AsAs are less likely to undergo appropriate screening for colorectal, cervical, and prostate cancer. Contributing reasons include limitations in healthcare access, differing cultural beliefs on cancer screening and treatment, and potential physician biases. Interventions such as increasing healthcare access and literacy may improve screening rates.
近期数据表明,亚裔美国人(AsAs)被诊断出患有癌症时,更有可能呈现出病情已发展至晚期的情况。我们试图确定亚裔美国人是否未充分利用推荐的癌症筛查。
对2012年行为危险因素监测系统进行横断面分析,该系统涵盖符合美国预防服务工作组建议、有资格进行结直肠癌、乳腺癌、宫颈癌或前列腺癌筛查的亚裔美国人和非西班牙裔白人(NHW)社区居住个体(说英语和西班牙语)。提取年龄、教育程度和收入水平、居住地点、婚姻状况、医疗保险、是否能定期看医疗服务提供者以及筛查情况。复杂样本逻辑回归模型量化了种族对接受适当筛查几率的影响。数据于2015年进行分析。

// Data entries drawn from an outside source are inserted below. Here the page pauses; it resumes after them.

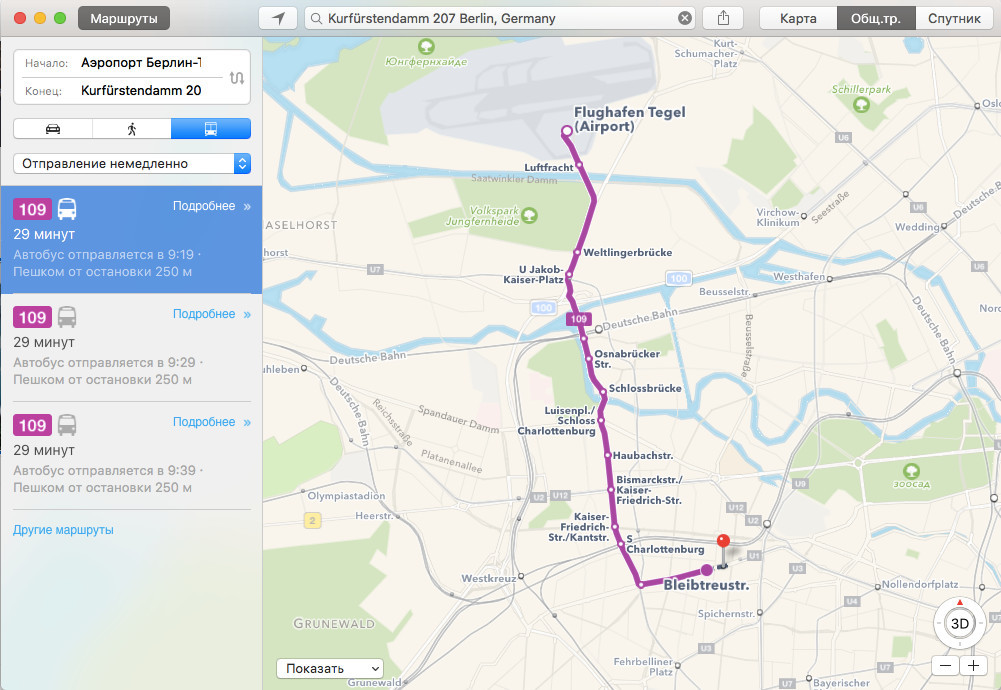 Одной из самых интересных функций «Карты» являются схемы маршрутов движения транспорта, которые поддерживаются для восьми североамериканских городов, двух европейских городов и более 300 городов Китая. Я попробовал воспользоваться этой функцией в районе залива Сан-Франциско и в Берлине, Германия. Должен признать, что это задача непростая, поскольку в этих городах действуют много транспортных агентств, не связанных друг с другом. Тем не менее мне удалось спланировать поездку от своей автобусной остановки до центра Беркли с пересадкой с автобуса на метро и точно рассчитать, когда следует выйти из дома, чтобы вовремя добраться до конечного пункта. Очень удобно. Теперь Apple осталось лишь распространить то же самое и на другие регионы.
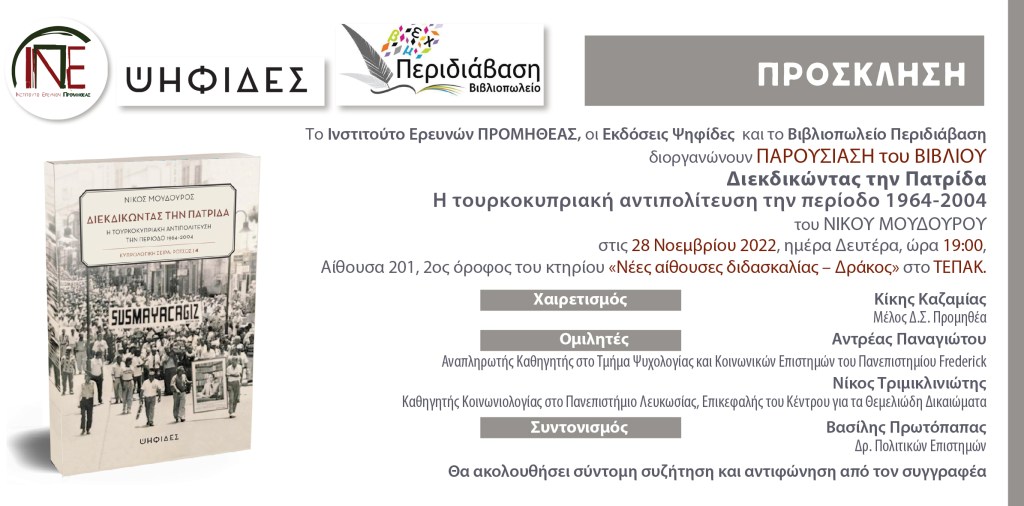 Το Τμήμα Τουρκικών και Μεσανατολικών Σπουδών του Πανεπιστημίου Κύπρου και οι Εκδόσεις Ψηφίδες, σας προσκαλούν στην παρουσίαση του βιβλίου «Διεκδικώντας την Πατρίδα. Η τουρκοκυπριακή αντιπολίτευση την περίοδο 1964-2004», του Νίκου Μούδουρου.
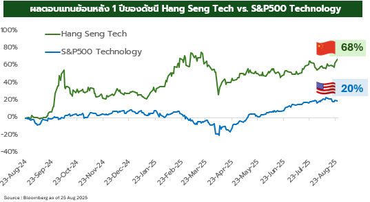 นักลงทุนหลายท่านอาจคุ้นเคยเป็นอย่างดีกับหุ้นเทคฯ สหรัฐฯ แต่รู้หรือไม่บริษัทเทคโนโลยีของจีนกำลังเติบโตอย่างก้าวกระโดดในช่วงที่ผ่านมาโดยเฉพาะปีนี้ ทำผลตอบแทนแซงหน้าหุ้นเทคฯ สหรัฐฯ ไปกว่า 3 เท่า!!! โดยในช่วง 1 ปีที่ผ่านมาดัชนี Hang Seng Tech ปรับตัวเพิ่มขึ้นกว่า 68% ขณะที่ดัชนี S&P500 Technology ปรับตัวเพิ่มขึ้นเพียง 20% เท่านั้น
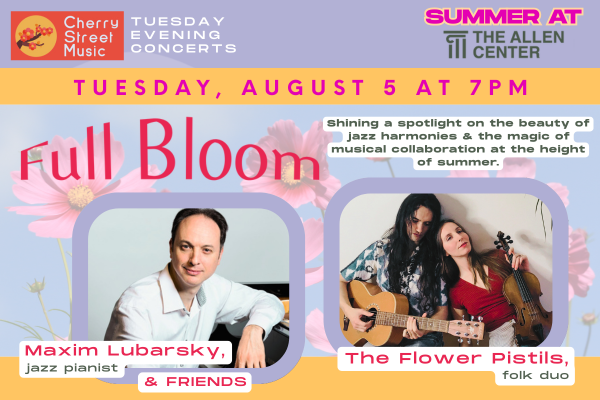 The Allen Center 35 Webster St, WEST NEWTON, MA, United StatesIn this fourth installment of Cherry Street Music's Tuesday evening Concert series at The Allen Center, we shine a spotlight on the beauty of jazz harmonies & the magic of musical collaboration at the height of summer, when everything is in "Full Bloom." Join us for an enchanting evening of performances featuring renowned pianist, Maxim Lubarsky (& friends- John Lockwood, bass & Bertram…
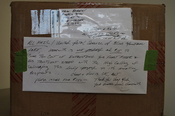 I was gathering my mail when a local woman walked in and handed Liz a package with a laugh, a big laugh. Of course, I and everyone else in the post office wanted to see what was so funny so Liz showed us the box from the local gunsmith, who couldn’t make it to the post office that day. Instead, he wrote a note of instructions and taped the note to the front of the box.
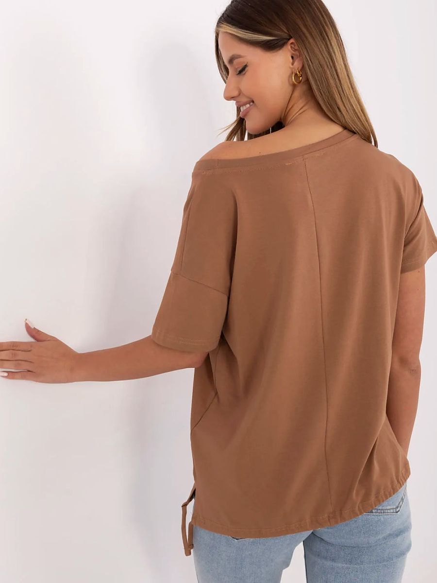 Add a touch of brightness to your everyday outfits with this unique casual women’s t-shirt. Made of soft cotton with a hint of elastane, it ensures comfort and a light fit to the silhouette. The standard length shirt with short sleeves and a round neckline is perfect for everyday wear, work, a walk, or a meeting with friends. Its unique character is emphasized by the eye-catching application on the front, combining print, embroidery, and rhinestones, giving the whole a fashionable and feminine look. An additional accent is the tie on the left side at the bottom, which adds lightness and subtle originality. This t-shirt is the perfect combination of comfort and style, it must not be missing from your wardrobe!
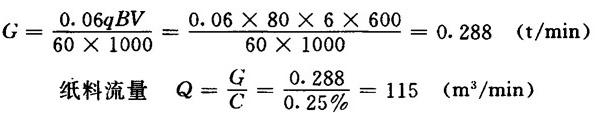 释义 | 流浆箱的压头损失计算 【说明】 以下以日本三菱重工制造的三菱—贝洛依特飘片集流式流浆箱的技改为例进行计算说明,供参考。 流浆箱的压头损失包括三个部分,即管束损失、孔板损失及飘片损失。流浆箱的压头损失见图1-15-87。 1.管束与孔板的压头损失计算 【说明】 管束与孔板的压头损失见图1-15-88。 1-管束压头损失 2-孔板压头损失 2.飘片的压头损失计算 ❶ 计算法 【公式】 式中 △h——压头损失(mH2O) d——飘片间距(mm) Q——流量(m3/min),与喷浆压头、堰口开度及堰唇长度有关,可在图1-15-89中查出 ❷ 查图法 【说明】 如图1-15-89所示,查找飘片压头损失,需先确定三个参数:流量Q、堰口开度B、堰唇长度L。飘片间距d对定型的流浆箱是常数。Q可由产量和流浆箱的浓度计算得来;堰口开度b可根据所选流浆箱的浓度而定;堰唇长度L,可根据著网点的距离定出来。查找飘片压头损失时,先确定堰口开度,然后通过堰唇长度查找流量曲线,即可确定。 【例】 若车速V=600m/min,流浆箱内浆浓c=0.25~0.3%,b=38mm,L=40mm,产品定量为q=80g/m2,堰宽为B=6m时,求飘片的压头损失。 解:纸机产量 取Q=120m3/min,查图1-15-89得△h=0.4mH2O 图1-15-89 飘片压头损失曲线 |
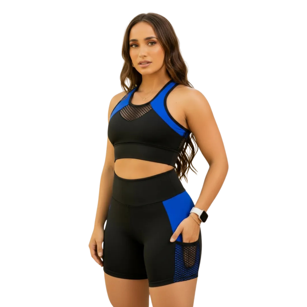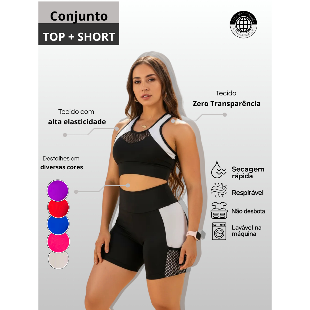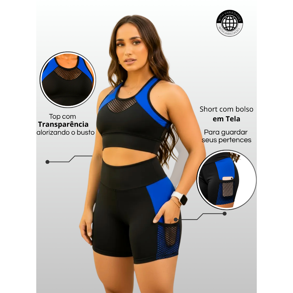 KIT 3 Conjunto Fitness Feminino Top + Short Cós Alto Roupa de academia Feminina Cropped Ginastica
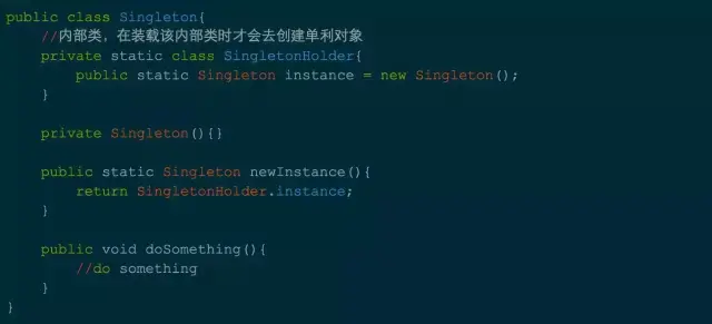 采用内部类,在这个内部类里面去创建对象实例。这样的话,只要应用中不使用内部类 JVM 就不会去加载这个单例类,也就不会创建单例对象,从而实现「懒汉式」的延迟加载和线程安全。
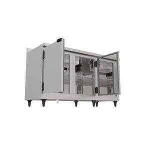 Temperatura: 0° a +°7C Isolamento térmico em poliuretano injetado Revestimento externo em Aço inoxidável AISI 430 Escovado Revestimento interno em Aço Galvanizado Sistema de refrigeração: Ar-forçado (Frost Free), ecológico e econômico. Portas com sistema anti-transpirante e puxadores Pés com regulagem de altura 1 nível de prateleiras aramadas bipartidas, reguláveis e pintadas em epóxi branco Controlador de Temperatura eletrônico digital com indicador de temperatura Degelo Automático Gás Refrigerante R134a

分别确定了加权样本中6330万、3330万、4790万和3030万符合结直肠癌、乳腺癌、宫颈癌和前列腺癌筛查条件的个体。总体而言,与非西班牙裔白人相比,亚裔美国人受教育程度更高、结婚率更高、收入水平更高,且居住在城市/郊区(所有p<0.05)。在多变量分析中,与非西班牙裔白人相比,亚裔美国人接受结直肠癌筛查(比值比[OR]0.78,95%置信区间[CI]0.63 - 0.96)、宫颈癌筛查(OR 0.45,95% CI 0.36 - 0.55)和前列腺癌筛查(OR 0.55,95% CI 0.39 - 0.78)的几率较低,而接受乳腺癌筛查(OR 1.29,95% CI 0.92 - 1.82)的几率与非西班牙裔白人相似。
亚裔美国人接受结直肠癌、宫颈癌和前列腺癌适当筛查的可能性较小。促成因素包括医疗服务可及性受限、对癌症筛查和治疗的文化观念不同以及潜在的医生偏见。增加医疗服务可及性和健康素养等干预措施可能会提高筛查率。